Venegono Inferiore (Varese), 5 settembre 2017 - E' grave ma stabile Gianluca Di Gioia, il professore italiano 36enne, originario di Caltavuturo (Palermo), ma residente nel Varesotto, aggredito, derubato e avvelenato in Laos. Ricoverato all'ospedale Udon Thani di Bangkok, a fornire un aggiornamento del suo quadro clinico è il fratello Salvatore che si trova accanto a lui insieme alla madre.

Intanto, l'amico di infanzia Luca Antonio Labollita, che ha creato il gruppo 'Aiutiamo Gianluca', mobilitando migliaia di persone per una raccolta di fondi, è riuscito a contattare il cantante preferito del Digio, come viene affettuosamente chiamato, Gialunca Grignani". Mi ha fatto pervenire un messaggio che io ho subito girato al fratello e ora lo fanno ascoltare in loop continuamente a Gianluca. Grignani gli chiede di non mollare: "Ciao Gianluca, sono colpito da quello che ti e' successo e ti auguro di riprenderti al piu' presto.

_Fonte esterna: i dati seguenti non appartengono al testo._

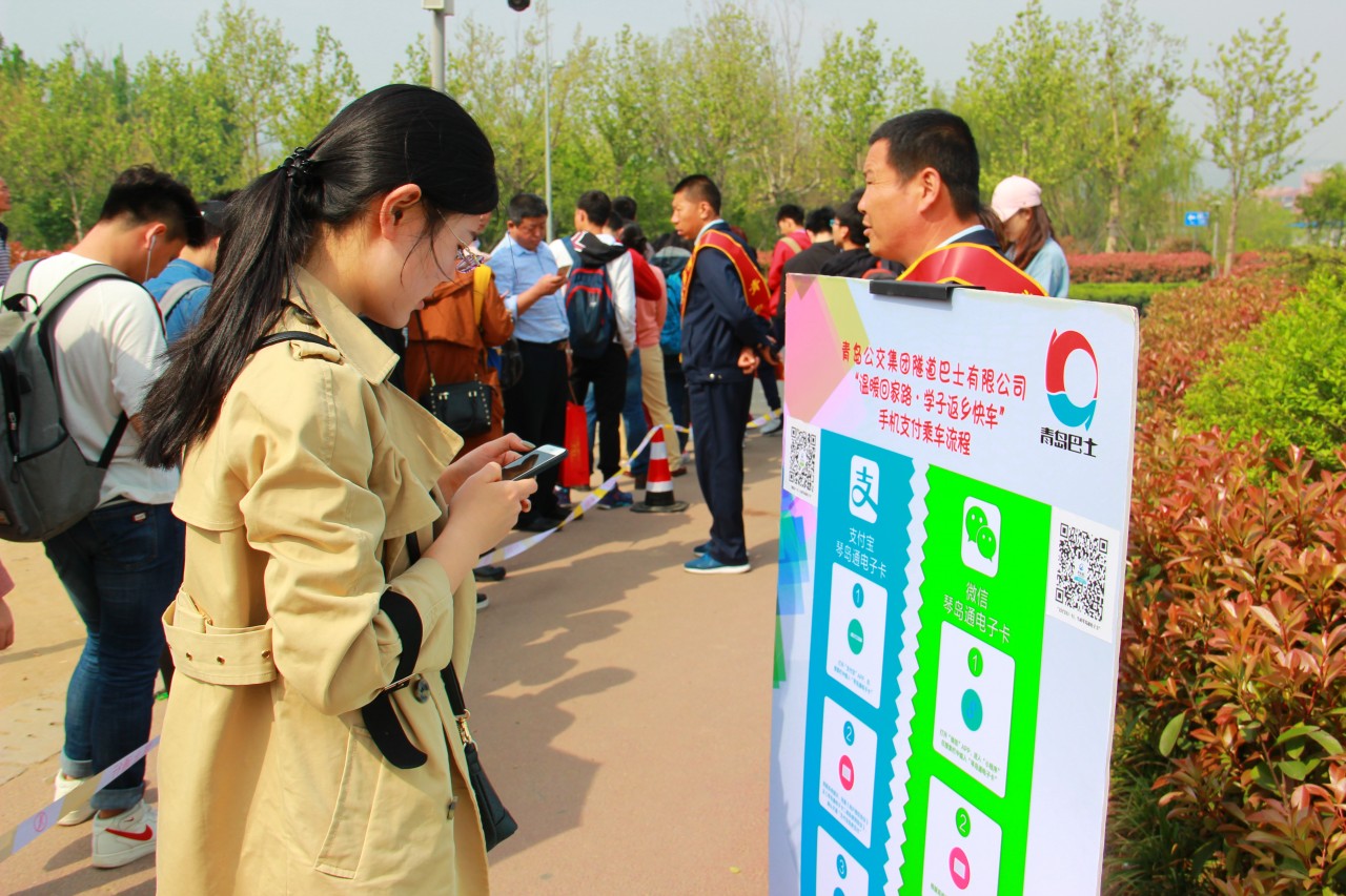 活动当天,服务队队员在公司A、C餐门口进行了五一假期出游攻略宣传活动。队员们通过分发宣传页的形式主要介绍了旅游攻略、购物指南和交通疑问三个方面的相关信息,详细内容也可以在通心相随志愿服务队的微信公众号平台点击查询。次日,服务队联合青岛公交集团隧道二队于隧道一始发站开展了五一假期乘车秩序维持活动。活动伊始,隧道组工作人员用展板的形式向乘客介绍了手机支付的乘车流程,具体方式是通过支付宝和微信扫码领取琴岛通电子卡,这样的乘车方式极大的便利了人们的出行,提高了乘客的乘车效率。活动中,乘车类型分为坐票和站票两种,在维护乘车秩序时,志愿者们及时答疑解惑,带领乘客有序安全乘车,获得了排队乘客的一致好评。

Credo che ci siano energie intorno a te che ti vegliano. Non è un caso che hai il mio stesso nome... sento che ce la farai davvero, ti auguro tutto il meglio e appena ti alzi viene a trovarmi. Le energie che abbiamo dentro sono più forti di quello che succede intorno, soprattutto quando si è persone ispirate da qualche cosa, come te e me. Sono sicuro che tornerai al massimo, ti abbraccio e ti aspetto". 

Ieri pomeriggio le sue condizioni sono peggiorate dopo che in mattinata il fratello Salvatore aveva annunciato il risveglio dal coma; poi è subentrata una grave crisi respiratoria con la necessità di collegare Gianluca nuovamente a una macchina.  Rilanciata la campagna di raccolta fondi: "Servono aiuti urgenti per poterlo curare".